So what’s going on at QIP 2011? Anyone? Bueller? Bueller?
update: It looks like pdfs of the talk slides are available. Were the talks videotaped (err, I guess I’m showing my age: were the talks recorded in video format?)
more update: John Baez has a post on a few talks.
There is apparently no arxiv version (yet) of the QIP 2011 talk by David Poulin, Angie Qarry, Rolando Somma and Frank Verstraete, titled Quantum simulation of time-dependent Hamiltonians and the convenient illusion of Hilbert space. Comments on their presentation would be very welcome …. this line of research is closely coupled to practical applications and thus is immensely interesting to engineers.
Thank you for the pointers to the literature, Aram … Boixo & Somma’s Necessary Condition for the Quantum Adiabatic Approximation (arXiv:0911.1362) had in it precisely the physical background that I was looking for.
One wonders if this line-of-reasoning could be reversed. That is, we suppose that a certain adiabatic quantum algorithm is observed to work very efficiently, and we further suppose that it is known to have a fixed-scale energy gap. Then by the Boixo & Somma result (and by physical reasoning) we infer that the algorithm is traversing a short-path quantum trajectory.
Under what circumstances (if any) could knowledge that a short-path problem-solving quantum trajectory exists help in deducing classical simulation algorithms? More broadly, we are led to wonder, under what circumstances (if any) can quantum computers (adiabatic or otherwise) exponentially speed-up the search for efficient classical simulation algorithms?
Without knowing the answer to the above (hard) question, I will note that there is older work by Ford, Lewis & O’Connell, relating to quantum Langevin models of heat baths, that embodies many of these same physical ideas.

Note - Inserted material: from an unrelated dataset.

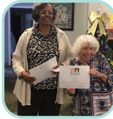
Computer Class Achievements
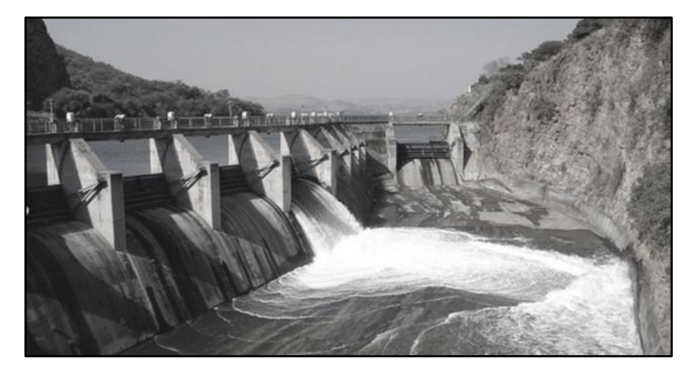
FIGURE 3.6: HARTBEESPOORT DAM WALL

I was just at this talk. Basically it gives a way to simulate a time-dependent Hamiltonian H(t) even when H(t) is changing arbitrarily quickly. The idea is that very high-frequency oscillations can be smoothed away without affecting the evolution very much. Here “high-frequency” means that the frequency is >> the average energy of the state.
It’s in some ways related to the nice line of work that Rolando Somma and collaborators have been doing on rigorous version of the adiabatic theorem, as well as quantum algorithms for achieving the goals of the adiabatic theorem. So if you’re interested in this work, you might contact the authors to ask for a preprint, but could also like at Rolando’s previous papers.
Thanks for the alert! Especially interesting (to us engineers) were the video and slides for David Poulin’s talk on Quantum simulation of time-dependent Hamiltonians and the convenient illusion of Hilbert space … in his talk David called it “the delusion of Hilbert space” … with its conclusion
There was a concluding question from the audience that I thought was excellent, asking whether these considerations apply if the initial state (arising for exampl from the Big Bang) is outside the manifold of physical states.
It is folklore among physicists that this question has an answer that is both geometrically and physically natural. From a geometric point-of-view, the dynamical flow assumed by Poulin, Quarry, Somma, and Verstraete is purely symplectic. Suppose we generalize this flow to the mixed symplectic and metric flow that is generically associated to Lindblad dynamics.
Then the folklore of physics is that Lindbladian flows generically compress arbitrary initially states in Hilbert space onto the doubly exponentially small, and hence algorithmically compressible, submanifold of physical states. This is the geometric view of the physical process that Zurek calls einselection.
It would be very enjoyable to see a rigorous mathematical proof of an einselection theorem, via Poulin’s methods, in some toy model … perhaps we can look forward to further work along these lines from Poulin and his collaborators.
More broadly, our QSE Group’s experience has been that is very useful for engineering students to appreciate that effectively the state-space of quantum systems is “hollow” (as Poulin’s slides call it) and/or “foamy” (a description that for engineering students works better pedagogically)—such descriptions are increasingly useful, as the engineering curriculum puts increasing emphasis on geometrically natural descriptions of classical and quantum dynamics.
Of course, in practical quantum simulation codes the state-space of physical states is not only geometrically foamy, but dynamical in its own right, as the simulation codes continuously adapt their basis states to the physics of the system.
It remains to be see whether Nature exploits this same computational trick, to render herself easy to simulate; thus Poulin’s line of research is thought-provoking from both a practical and a fundamental point-of-view.
Yes, videos of the talks are available here.
In cross-referencing the results that David Poulin presented, relating to what Poulin, Qarry, Somma and Verstraete call “the convenient illusion of Hilbert space”, there are natural links to two recent works by Johnson, Biamonte, Clark, and Jaksch, namely Dynamical simulations of classical stochastic systems using matrix product states (arXiv:1006.2639) and Categorical Tensor Network States (arXiv:1012.0531).
It is great fun to see what amounts to the same physical ideas presented alternatively in the language of traditional quantum mechanics, computer science, linear algebra, information theory, Lindbladian dynamical flow, and now. category theory.